Now, obviously, you need to store this extra metadata separately to the actual image or content - but websites like Imgur already store metadata about their images. They store the creator, the title, the description, the comments, etc. Why not the source, copyright, and license information?

Karl Dubost at Otsukare.com had a similar idea, leveraging a proposed standard for the HTTP ‘Link’ tag. That solution is equally good and solves exactly the same problem, just in a slightly different proposed execution.

Benefits:

A bot can simply view the HTTP header to determine license, and doesn’t have to sift through HTML data to find the license. This massively simplifies things for the bot. It’s faster, too, as you can simply request the HEAD for the file during the HTTP request.
I can provide license information without having to clutter up my website design and layout.
If given a direct link to an image (eg: https://jetholt.com/assets/images/content/bartos-flur-electronics-project.jpg), then you can determine the copyright and your usage rights without having to find the source of the image or any pages that link to it.
You can track down the original source (if known by the hosting site), so that you can ask them some more things, see similar works, etc.

Drawbacks:

Doesn’t properly solve the problem of the EU’s censorship bots flagging uploaded content, as data isn’t necessarily coupled with the data during upload.

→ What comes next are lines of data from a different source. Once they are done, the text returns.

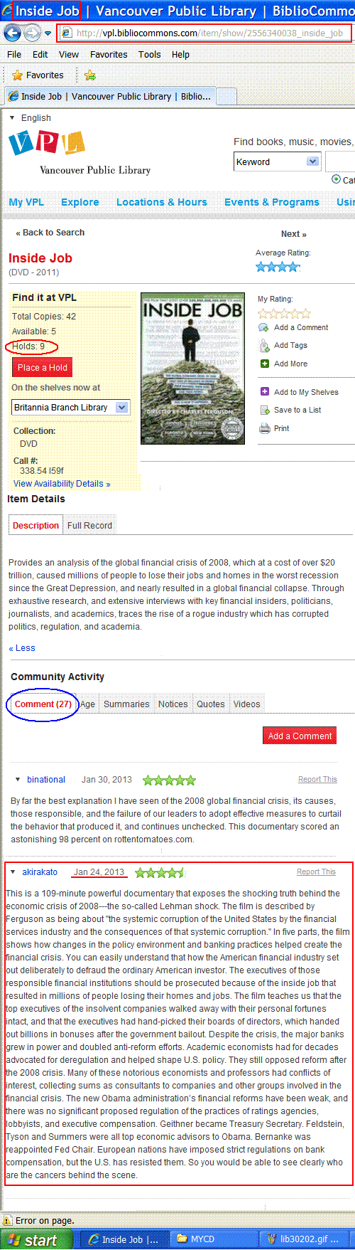 The following DVD describes the mindset of the top financial managers in North America. As you see, this DVD is in a big demand 'cause nine people are waiting to see this DVD at Vancouver Public Library.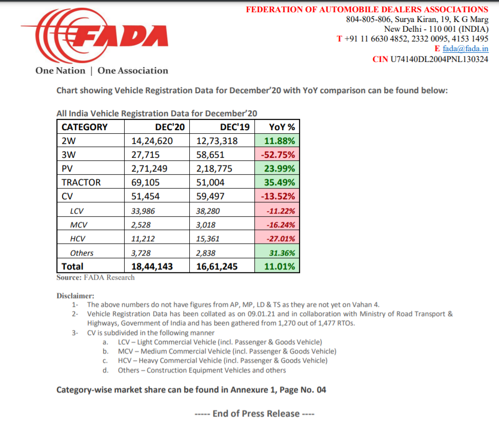 The same can be substantiated by the Federation of Automobile Dealers Associations (FADA) data that shows a 35 per cent year-on-year rise in tractor registrations in December 2020.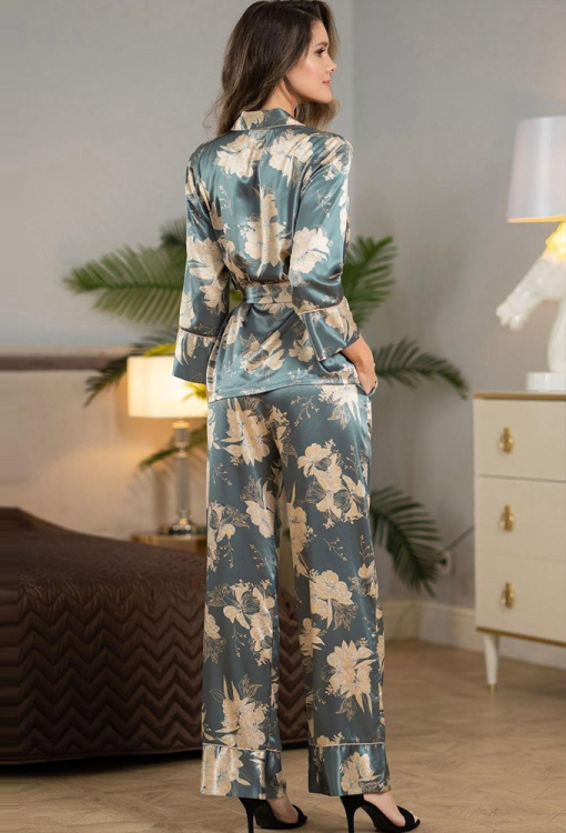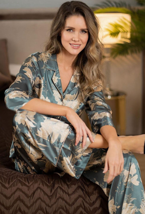Элегантная женская пижама из коллекции Ornelia от итальянского бренда Mia-Amore. Пижама выполнена из смесового полотна на основе натурального шелка, дымчато зеленого цвета с кремовым цветочным принтом, состоит из рубашки со штанами прямого силуэта. Рубашка с рукавами 7/8 и отложным воротником, застегивается на пуговицы и завязывается поясом. Воротник, борта и рукава модели украшены тонким кантом кремового цвета. Штаны с мягкой резинкой в поясе и удобными боковыми карманами, внизу украшены тонким контрастным кантом. Пижама стильная и очень комфортная, идеально подчеркнет домашний образ, а также может быть отличным подарком для любимой женщины.

You could add it to the request header during the upload, though! Then the censorship bots could accurately determine license information.
Probably goes against the spirit of attribution if you only attribute using a HTTP header. The purpose of attribution requirements is to give props to the original creator, generate them search engine popularity and linkback traffic, etc. You’re not doing any of those things if your attribution is in a piece of data that the average user is never going to see.
If your hosting is outsourced (as with my site, which uses GitHub and Cloudflare), then you have limited control over your HTTP response headers, and you might not be able to set them yourself.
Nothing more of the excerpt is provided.